Мишка, заехавший за чем-то домой и заставший меня над письмом, в катину дипломатию внёс свою инженерную ясность:

— Бать, ты езжай, конечно, но имей в виду: студенты — народ безжалостный. Это тебе не бюро. На бюро вопросы задают, чтобы услышать ответ, который знают. А эти спросят то, чего ты сам себе не задавал. Меня на защите один второкурсник так спросил про теплопотери, что я неделю пересчитывал. Кстати, оказался прав он, а не я.

Вечером Валентина перечитала катино письмо дважды, отдельно — приписку.

— Поедешь к студентам?

— Поеду. Осенью, после уборки.

— А боишься чего? Я ж вижу — сидишь над письмом час.

— Мишка говорит: спросят то, чего я сам себе не задавал.

— Ну и хорошо. — Валентина пожала плечами с той спокойной непобедимостью, против которой бессильна любая логика. — Значит, привезёшь домой новые вопросы. У тебя из Москвы вечно одни поручения, хоть из Воронежа вопросы будут.

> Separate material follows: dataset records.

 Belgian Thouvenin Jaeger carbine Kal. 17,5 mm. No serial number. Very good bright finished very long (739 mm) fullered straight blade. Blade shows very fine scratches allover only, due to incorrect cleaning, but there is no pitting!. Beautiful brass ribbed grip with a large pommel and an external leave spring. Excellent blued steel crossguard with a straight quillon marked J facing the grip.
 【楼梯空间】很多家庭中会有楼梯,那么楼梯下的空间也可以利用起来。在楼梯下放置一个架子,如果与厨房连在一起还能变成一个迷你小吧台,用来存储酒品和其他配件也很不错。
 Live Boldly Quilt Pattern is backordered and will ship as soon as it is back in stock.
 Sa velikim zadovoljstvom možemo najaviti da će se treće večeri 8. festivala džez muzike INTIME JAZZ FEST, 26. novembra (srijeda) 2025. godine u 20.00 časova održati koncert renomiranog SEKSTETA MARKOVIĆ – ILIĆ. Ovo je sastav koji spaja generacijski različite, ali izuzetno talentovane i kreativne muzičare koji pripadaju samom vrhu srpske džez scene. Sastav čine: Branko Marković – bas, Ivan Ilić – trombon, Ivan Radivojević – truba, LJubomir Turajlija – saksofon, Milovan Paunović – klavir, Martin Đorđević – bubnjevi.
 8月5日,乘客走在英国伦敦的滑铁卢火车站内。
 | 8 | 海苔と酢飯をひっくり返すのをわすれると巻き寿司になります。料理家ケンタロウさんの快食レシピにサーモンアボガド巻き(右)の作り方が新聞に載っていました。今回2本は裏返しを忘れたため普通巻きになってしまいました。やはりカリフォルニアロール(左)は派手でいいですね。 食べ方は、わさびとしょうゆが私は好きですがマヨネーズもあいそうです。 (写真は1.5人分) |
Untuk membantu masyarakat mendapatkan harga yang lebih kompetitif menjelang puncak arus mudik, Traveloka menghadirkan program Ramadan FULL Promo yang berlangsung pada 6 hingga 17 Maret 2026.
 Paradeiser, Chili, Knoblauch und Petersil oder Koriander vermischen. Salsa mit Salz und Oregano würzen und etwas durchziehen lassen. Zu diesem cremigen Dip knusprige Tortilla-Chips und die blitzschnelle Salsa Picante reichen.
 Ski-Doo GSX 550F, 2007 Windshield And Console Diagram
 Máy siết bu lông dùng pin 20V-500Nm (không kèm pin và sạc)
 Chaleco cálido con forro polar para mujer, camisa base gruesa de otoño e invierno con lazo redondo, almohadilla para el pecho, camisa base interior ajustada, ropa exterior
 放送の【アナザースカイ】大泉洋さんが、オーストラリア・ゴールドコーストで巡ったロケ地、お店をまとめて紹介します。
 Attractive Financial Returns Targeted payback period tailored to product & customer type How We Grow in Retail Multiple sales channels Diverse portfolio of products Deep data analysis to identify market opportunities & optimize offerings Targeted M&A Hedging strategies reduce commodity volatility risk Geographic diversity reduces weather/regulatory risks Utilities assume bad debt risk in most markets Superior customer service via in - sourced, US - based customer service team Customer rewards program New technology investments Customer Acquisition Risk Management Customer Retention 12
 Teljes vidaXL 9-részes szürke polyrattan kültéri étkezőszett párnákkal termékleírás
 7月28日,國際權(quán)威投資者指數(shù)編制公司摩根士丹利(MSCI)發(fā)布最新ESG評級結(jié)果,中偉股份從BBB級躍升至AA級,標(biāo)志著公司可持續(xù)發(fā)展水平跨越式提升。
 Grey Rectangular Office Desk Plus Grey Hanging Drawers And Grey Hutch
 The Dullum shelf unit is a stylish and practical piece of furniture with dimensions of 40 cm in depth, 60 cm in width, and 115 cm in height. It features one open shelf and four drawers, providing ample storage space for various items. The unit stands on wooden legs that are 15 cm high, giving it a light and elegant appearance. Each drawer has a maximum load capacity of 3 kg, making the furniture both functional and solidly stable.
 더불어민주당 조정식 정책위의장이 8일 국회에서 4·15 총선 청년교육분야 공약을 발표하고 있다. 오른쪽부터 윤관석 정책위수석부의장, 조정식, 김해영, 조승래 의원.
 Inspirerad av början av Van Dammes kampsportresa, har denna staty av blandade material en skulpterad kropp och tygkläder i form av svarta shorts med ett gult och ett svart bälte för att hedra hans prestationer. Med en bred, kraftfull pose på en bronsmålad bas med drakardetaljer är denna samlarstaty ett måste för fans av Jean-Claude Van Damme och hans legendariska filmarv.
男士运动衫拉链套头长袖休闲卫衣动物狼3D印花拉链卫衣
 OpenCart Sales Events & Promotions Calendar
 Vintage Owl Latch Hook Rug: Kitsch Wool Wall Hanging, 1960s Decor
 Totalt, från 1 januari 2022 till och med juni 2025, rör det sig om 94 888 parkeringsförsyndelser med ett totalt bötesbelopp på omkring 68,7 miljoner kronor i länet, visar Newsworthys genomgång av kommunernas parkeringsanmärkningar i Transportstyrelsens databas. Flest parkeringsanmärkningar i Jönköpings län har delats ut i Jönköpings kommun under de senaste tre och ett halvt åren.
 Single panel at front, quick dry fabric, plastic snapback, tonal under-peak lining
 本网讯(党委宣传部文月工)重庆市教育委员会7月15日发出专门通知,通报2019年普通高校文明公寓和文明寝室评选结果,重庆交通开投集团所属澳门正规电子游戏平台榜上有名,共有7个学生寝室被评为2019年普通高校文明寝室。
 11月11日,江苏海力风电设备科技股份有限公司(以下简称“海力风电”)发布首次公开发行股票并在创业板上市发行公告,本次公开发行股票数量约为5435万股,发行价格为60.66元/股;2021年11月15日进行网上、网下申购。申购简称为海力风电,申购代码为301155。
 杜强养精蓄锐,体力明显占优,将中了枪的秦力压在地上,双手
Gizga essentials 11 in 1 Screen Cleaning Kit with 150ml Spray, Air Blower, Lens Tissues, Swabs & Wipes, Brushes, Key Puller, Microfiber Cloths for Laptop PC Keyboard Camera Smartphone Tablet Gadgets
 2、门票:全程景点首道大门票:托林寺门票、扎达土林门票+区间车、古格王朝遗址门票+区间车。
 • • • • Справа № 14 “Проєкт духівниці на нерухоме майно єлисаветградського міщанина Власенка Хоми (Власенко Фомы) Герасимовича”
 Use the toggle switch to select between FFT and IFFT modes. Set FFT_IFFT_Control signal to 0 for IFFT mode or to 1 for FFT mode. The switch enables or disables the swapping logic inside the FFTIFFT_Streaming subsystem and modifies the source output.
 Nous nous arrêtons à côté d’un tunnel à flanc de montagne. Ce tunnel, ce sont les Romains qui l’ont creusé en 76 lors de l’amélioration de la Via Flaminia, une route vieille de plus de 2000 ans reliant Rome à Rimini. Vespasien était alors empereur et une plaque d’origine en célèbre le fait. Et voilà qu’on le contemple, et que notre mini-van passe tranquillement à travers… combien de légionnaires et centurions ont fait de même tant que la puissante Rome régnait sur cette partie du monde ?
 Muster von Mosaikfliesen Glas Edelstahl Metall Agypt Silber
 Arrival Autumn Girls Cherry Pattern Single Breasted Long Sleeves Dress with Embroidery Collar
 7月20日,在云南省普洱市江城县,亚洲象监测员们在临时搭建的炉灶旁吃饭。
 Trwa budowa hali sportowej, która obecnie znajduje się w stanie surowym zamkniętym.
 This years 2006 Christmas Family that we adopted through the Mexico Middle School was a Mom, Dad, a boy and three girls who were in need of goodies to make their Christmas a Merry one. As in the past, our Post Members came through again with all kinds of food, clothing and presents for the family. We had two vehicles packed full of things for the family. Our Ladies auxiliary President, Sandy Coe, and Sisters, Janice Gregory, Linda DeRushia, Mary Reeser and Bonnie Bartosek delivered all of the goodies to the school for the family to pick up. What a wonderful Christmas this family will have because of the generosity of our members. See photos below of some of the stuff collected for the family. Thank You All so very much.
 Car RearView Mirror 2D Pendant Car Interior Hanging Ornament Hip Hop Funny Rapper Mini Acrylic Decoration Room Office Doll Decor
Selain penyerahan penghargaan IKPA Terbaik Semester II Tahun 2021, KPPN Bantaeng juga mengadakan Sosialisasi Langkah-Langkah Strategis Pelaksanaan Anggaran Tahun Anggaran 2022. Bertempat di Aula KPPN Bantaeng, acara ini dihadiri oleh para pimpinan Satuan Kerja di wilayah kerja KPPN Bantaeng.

— Правильно. — Она сложила письмо по старым сгибам, аккуратно, как складывают документы. — Знаешь, Паш, я в марте у Антонины спрашивала: чего наша Катька там, в письмах девчонкам, про тебя пишет? Думала — стесняется, отец-начальник, в газетах ругают. А Антонина говорит: пишет — «мой папа сеет». Просто, мол: сеет. Я сначала не поняла, а потом думаю — а ведь лучше-то и не скажешь. Все спорят, а он сеет.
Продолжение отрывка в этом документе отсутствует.